Thursday, July 10
When I initially fell asleep last night, I was getting a decent night’s sleep. This was a pleasant surprise. However, I woke up at 4:00 a.m. Not because of congestion. Not because of the usual restlessness. But because I heard a poem echoing in my head.
I was experiencing what is called Bardo. It’s a sacred time. That’s usually when you know you are writing something of merit, especially as far as poetry goes. It’s the Bardo – the Tibetan idea for luminality, a psychological, neurological, or metaphysical subjective, conscious state of being on the “threshold” of or between two different existential planes – between sleep and our waking, busy hours.
In my head, I kept hearing the beat of an Indian drum. A poem came to me, and I gave in to it. I couldn’t just lay there idle without giving in. I couldn’t roll over and go back to sleep. I had to sneak out of the cabin with my little notebook and pen, and head to the lady’s bathroom outhouse to sit on the bench next to the showers so that I could write in light. There, I wrote the lines of the poem that had been repeating in my head, like the beat of a drum. It was actually to the beat of a native drum. I wrote down the lines to a poem about Old Chief Joseph. I called it Bones, and I worked on three revisions before I headed back to the cabin to try to sleep for just a little while longer.

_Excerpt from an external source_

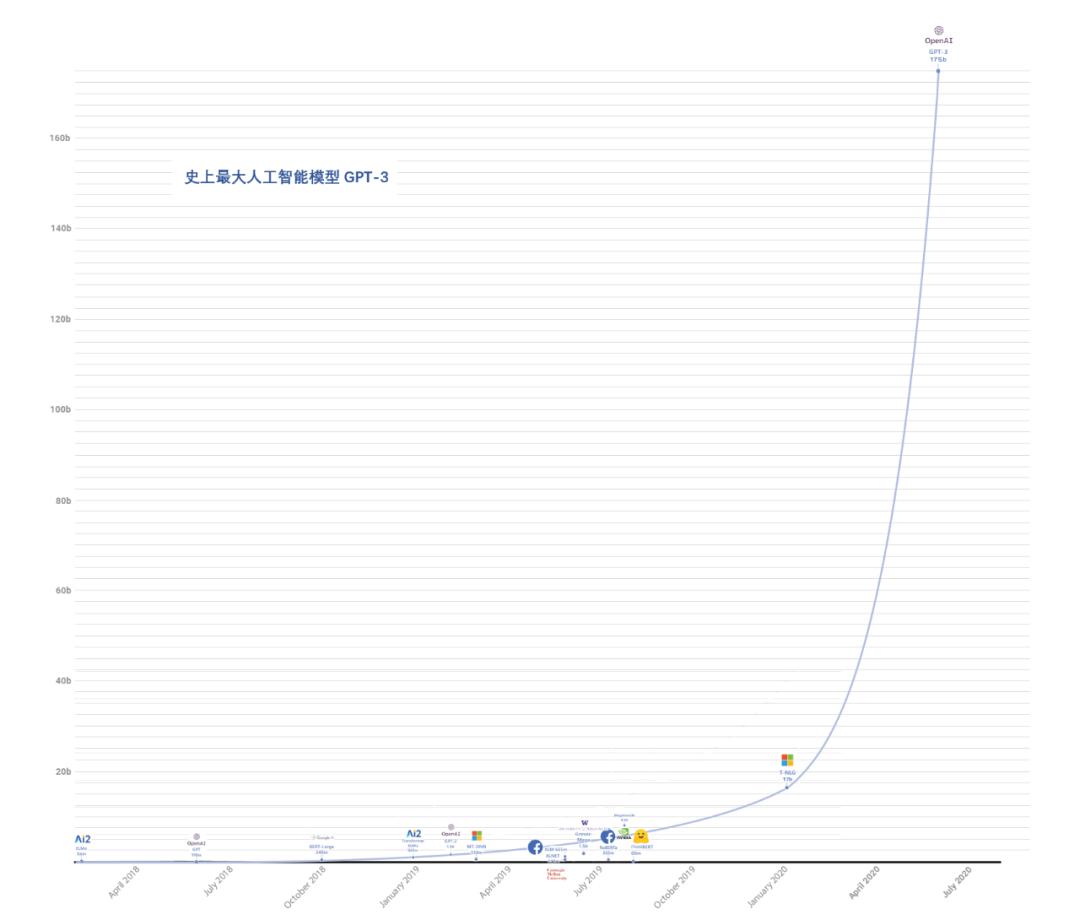2020年6月,绿巨人GPT-3,有1750亿个参数。

The adolescent hawk from yesterday afternoon landed in this poem, by the way.
I went back to bed, but I didn’t get back to sleep. So, at 6:30 I decided to get up and take a shower. I went to the dining hall just after 7:00 a.m. to work on more poems. I hand wrote a revision to a poem I had been working on for several months, on again and off again, including while I was here at Fishtrap. The poem was called Rhododendrons, Florence. Florence, Oregon, that is. The coast.
It was my intention to read it for the Open Mic session this evening. I then wrote out my latest revision of Bones and made fifteen copies for the class. After breakfast, I walked to the workshop. I sat down and enjoyed the sharing of our class. I passed out my copies and read the rhythmic, musical Bones to the class. I got really great, positive feedback. My friend Beth was especially encouraging. I felt really good about this poem.
After lunch, Peter sat down with me and read my poem, Rhododendrons, Florence. He gave me a couple of really great suggestions that really made the poem sing. I also took the time to take the class’s suggestions to rewrite Bones. I wasn’t sure if I would read both poems at the Open Mic session this afternoon.
Instead of an evening Open Mic, this day’s session was in the afternoon. This was because the weekend gathering portion of Summer Fishtrap was beginning this evening, with a program including a reading a music from Kim Stafford, and a reading from Luis Urrea. I was really looking forward to that. Meantime, I waited my turn to read. I wore my straw cowgirl hat with a cluster of yellow flowers for luck. I was number ten on the list. I was nervous. I don’t have a problem with public speaking, but with my congestion, I was feeling off.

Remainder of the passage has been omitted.